#### Your objective:
The material below should be copied line for line, please, with pictures omitted.

#### Recorded information:
──────────────────────────────

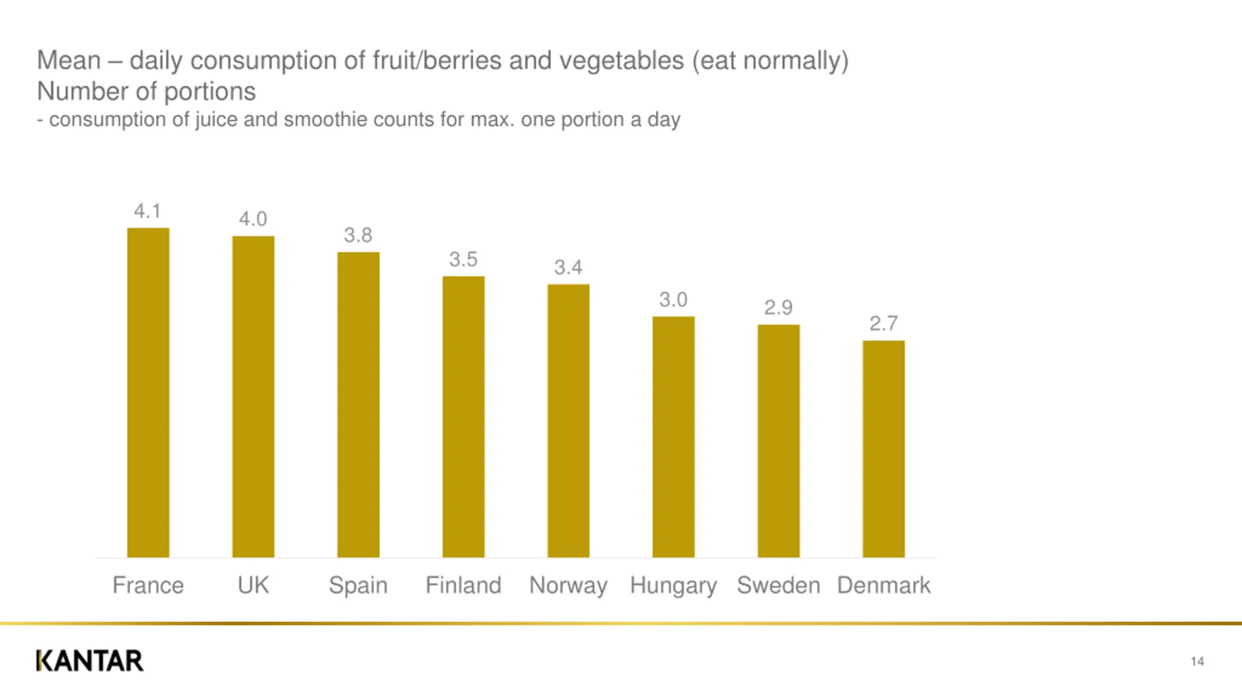 Mean daily consumption of fruit/berries and vegetables (eat normally) Number of portions - consumption of juice and smoothie counts for max. one portion a day 4.1 4.0 3.8 3.5 3.4 3.0 2.9 2.7 France UK Spain Finland Norway Hungary Sweden Denmark 14
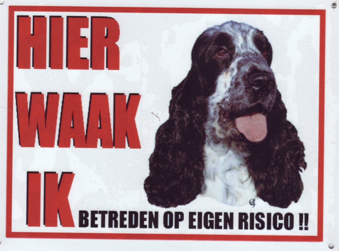 Aluminium, weerbestendig waakbord met een Cocker Spaniel. Dit waakbord heeft montagegaten. Afmetingen: +/- 15,5 x 20,5 cm.
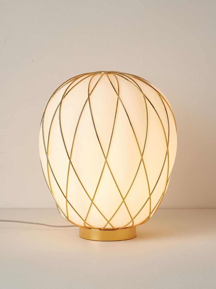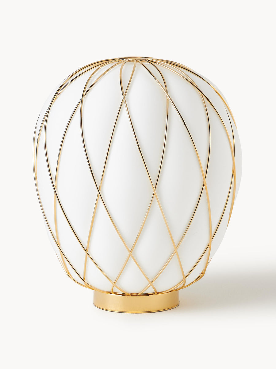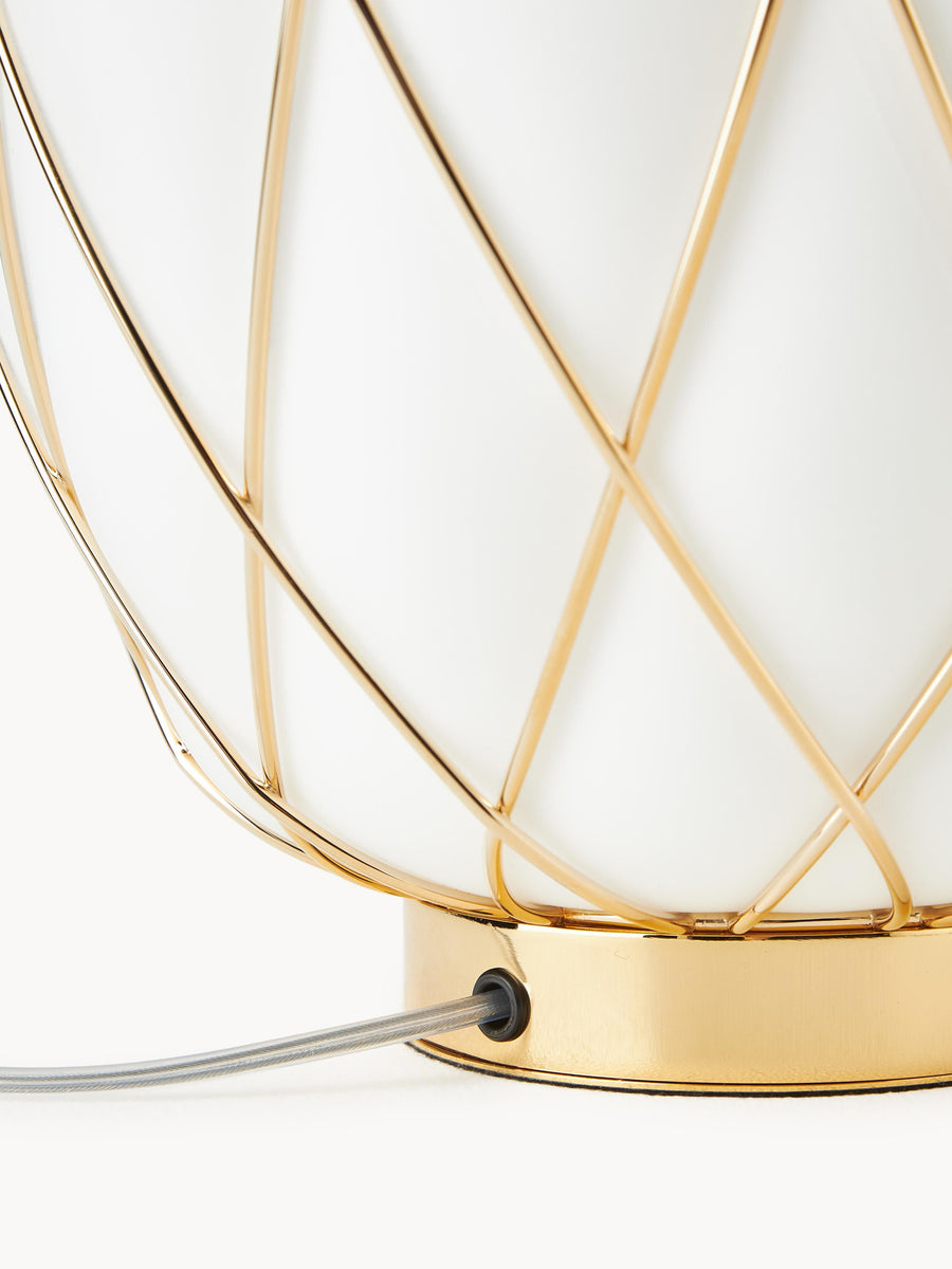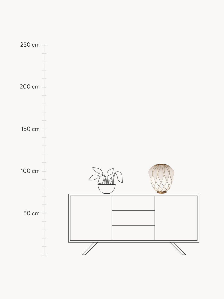 Ta ręcznie wykonana lampa stołowa PINECONE wnosi rzeźbiarską elegancję dzięki misternemu wzorowi na kloszu. Gra światła i cienia tworzy hipnotyzujące wzory, które pięknie zmieniają się w całej przestrzeni. Idealnie nadaje się do dodania wyrafinowanej atmosfery w każdym pomieszczeniu.

──────────────────────────────

#### Exercise answer:
 Mean daily consumption of fruit/berries and vegetables (eat normally) Number of portions - consumption of juice and smoothie counts for max. one portion a day 4.1 4.0 3.8 3.5 3.4 3.0 2.9 2.7 France UK Spain Finland Norway Hungary Sweden Denmark 14
 Aluminium, weerbestendig waakbord met een Cocker Spaniel. Dit waakbord heeft montagegaten. Afmetingen: +/- 15,5 x 20,5 cm.
 Ta ręcznie wykonana lampa stołowa PINECONE wnosi rzeźbiarską elegancję dzięki misternemu wzorowi na kloszu. Gra światła i cienia tworzy hipnotyzujące wzory, które pięknie zmieniają się w całej przestrzeni. Idealnie nadaje się do dodania wyrafinowanej atmosfery w każdym pomieszczeniu.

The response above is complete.